[SOURCE DATA — start]

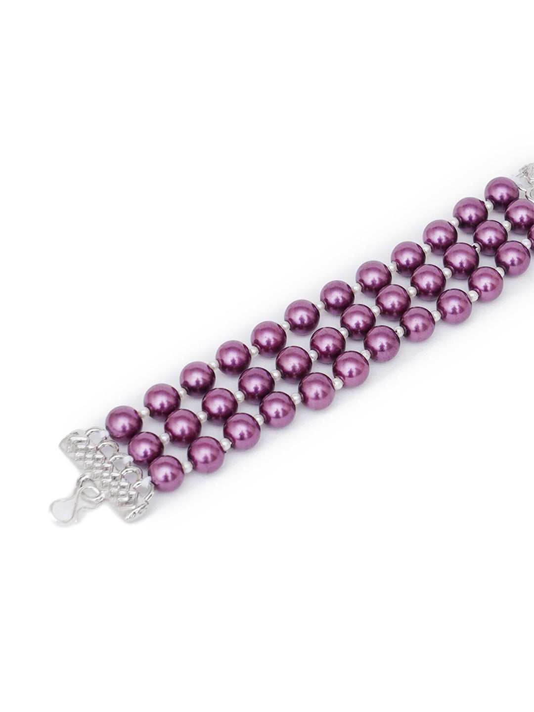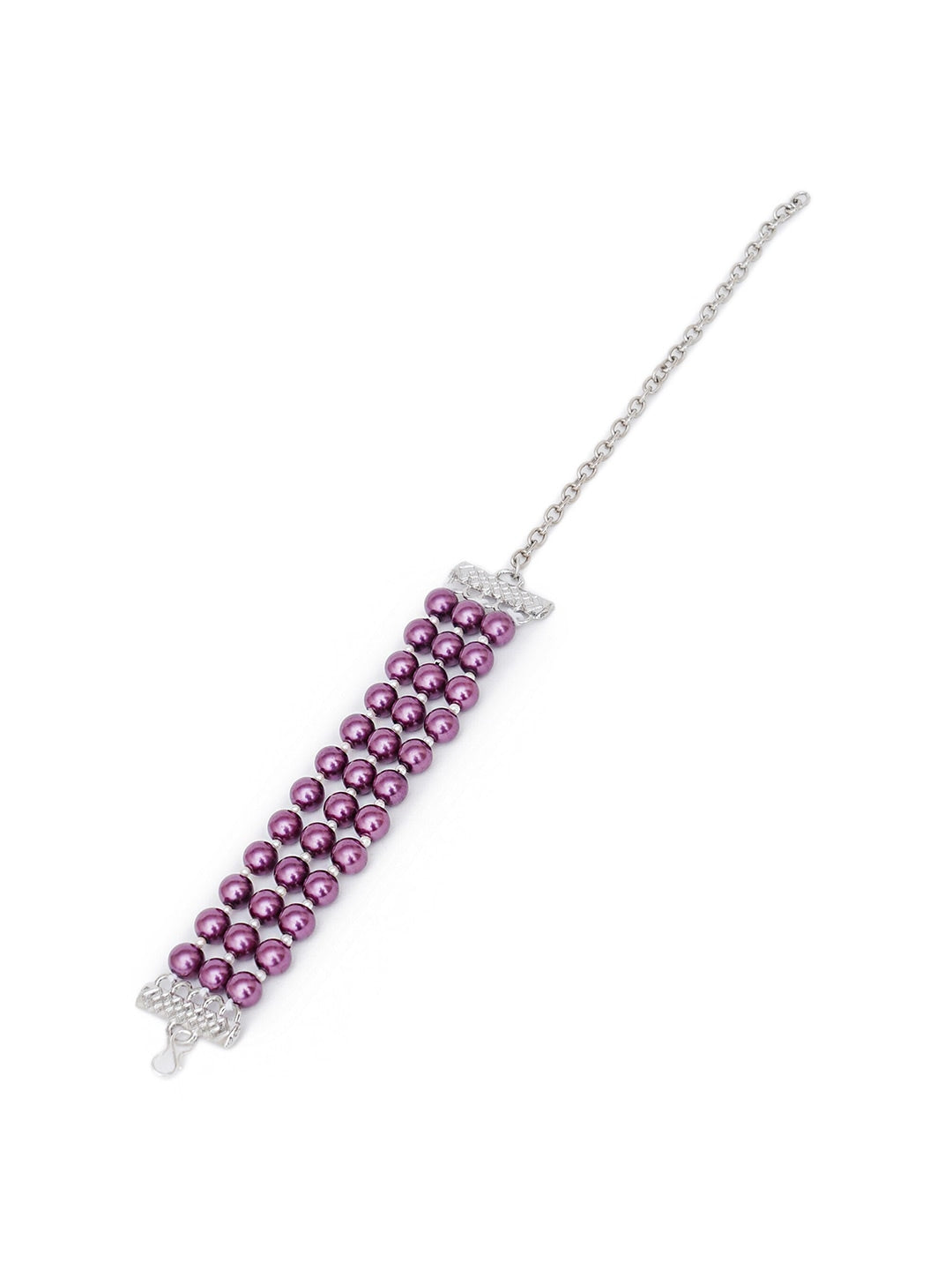 Women Purple & Silver-Toned Beaded Kundan Multistrand Bracelet
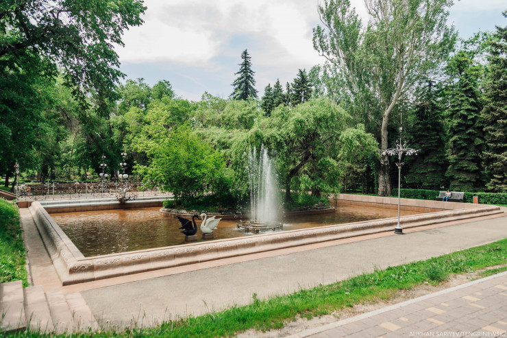 Бұл 1960-1970 жылдары Алматыда танымал болған "Аққу" кафесі. Оны барлық алматылық жақсы көретін. Айналасында аққулар жүзіп жүретін. Бүгінде кафе жоқ, оның орнында фонтан мен кафе туралы ескерткіш - қос аққу ғана қалған.
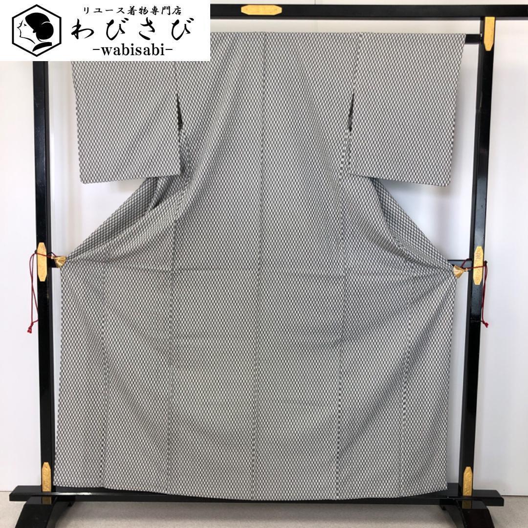 - 単衣 小紋 矢絣 矢羽根 モノトーン 縮緬 K-5234 着物 きもの kimono 和服 和装 中古 リサイクル着物 【送料無料】
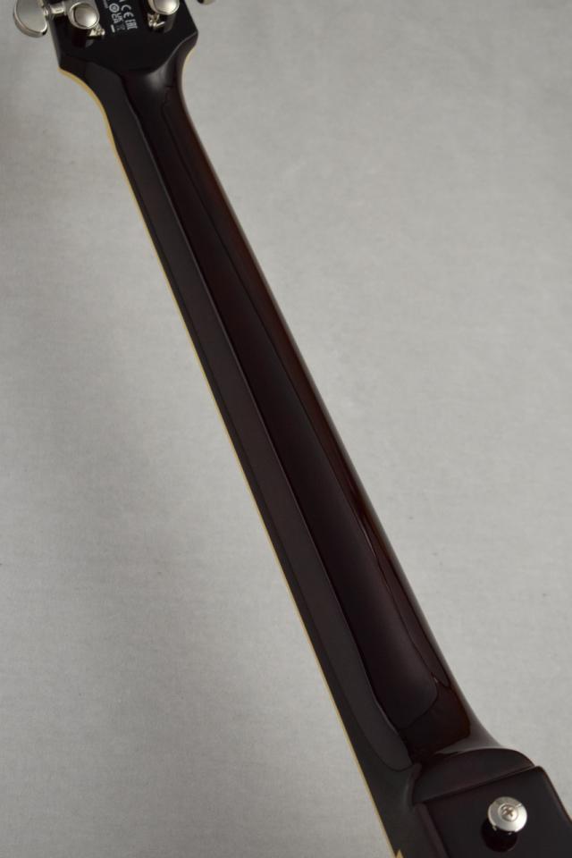 ボディトップのアーチ形状は従来よりも急カーブを描くように改良されています。ブリッジ&テイルピースを配置するボディトップは厚みのあるメイプル材で弦振動をキャッチし、そこからボディ外周に向けてメイプル材を徐々に薄くしていくデザインにすることで、弦振動のボディ全体への効率的な伝達と最適な重量バランスを得ています。
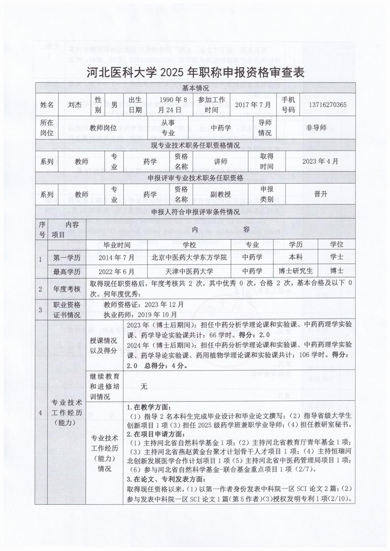 专业技术职务任职资格情况一览表-刘杰
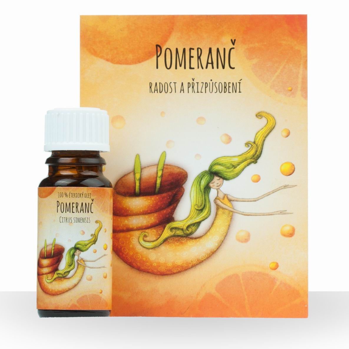 Teplé, slunečné a sladké aroma pomeranče navozuje radost a pozitivní pocit, rozptyluje smutnou náladu a popudlivost. Olej je zvlášť vhodný pro jedince usilující o dokonalost a úspěch, příliš usilovně se snažící, neschopní požádat o radu či pomoc. Pomerančová esence napomáhá uvolněnějšímu přístupu, podněcuje přizpůsobivost a usnadňuje řešení problémů.
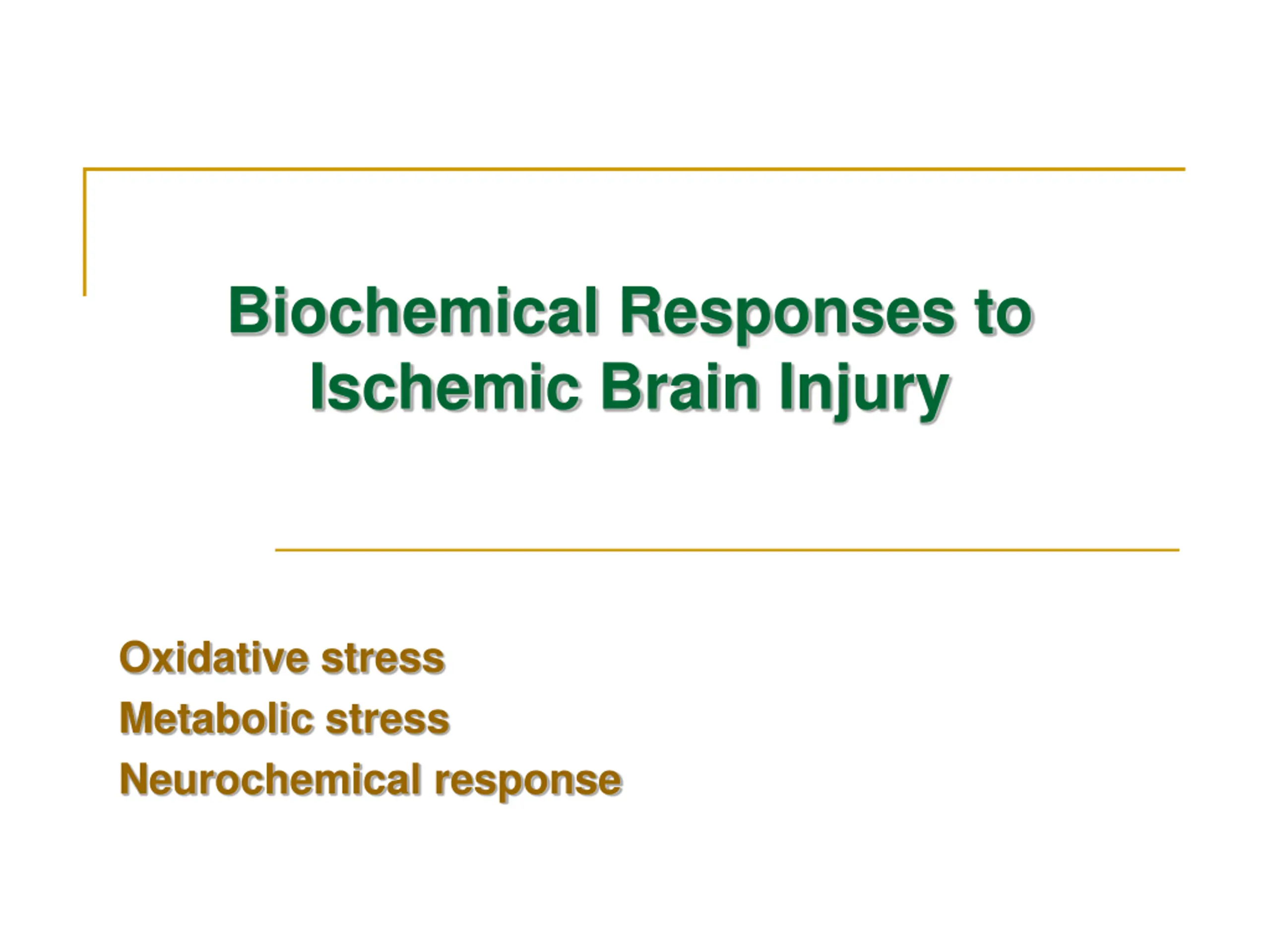 Biochemical Responses to Ischemic Brain Injury Oxidative stress Metabolic stress Neurochemical response

[SOURCE DATA — finish]

**WHAT THIS TASK INVOLVES**
Repeat the full set of records exactly, and output no pictures.

**EXPECTED ANSWER**
 Women Purple & Silver-Toned Beaded Kundan Multistrand Bracelet
 Бұл 1960-1970 жылдары Алматыда танымал болған "Аққу" кафесі. Оны барлық алматылық жақсы көретін. Айналасында аққулар жүзіп жүретін. Бүгінде кафе жоқ, оның орнында фонтан мен кафе туралы ескерткіш - қос аққу ғана қалған.
 - 単衣 小紋 矢絣 矢羽根 モノトーン 縮緬 K-5234 着物 きもの kimono 和服 和装 中古 リサイクル着物 【送料無料】
 ボディトップのアーチ形状は従来よりも急カーブを描くように改良されています。ブリッジ&テイルピースを配置するボディトップは厚みのあるメイプル材で弦振動をキャッチし、そこからボディ外周に向けてメイプル材を徐々に薄くしていくデザインにすることで、弦振動のボディ全体への効率的な伝達と最適な重量バランスを得ています。
 专业技术职务任职资格情况一览表-刘杰
 Teplé, slunečné a sladké aroma pomeranče navozuje radost a pozitivní pocit, rozptyluje smutnou náladu a popudlivost. Olej je zvlášť vhodný pro jedince usilující o dokonalost a úspěch, příliš usilovně se snažící, neschopní požádat o radu či pomoc. Pomerančová esence napomáhá uvolněnějšímu přístupu, podněcuje přizpůsobivost a usnadňuje řešení problémů.
 Biochemical Responses to Ischemic Brain Injury Oxidative stress Metabolic stress Neurochemical response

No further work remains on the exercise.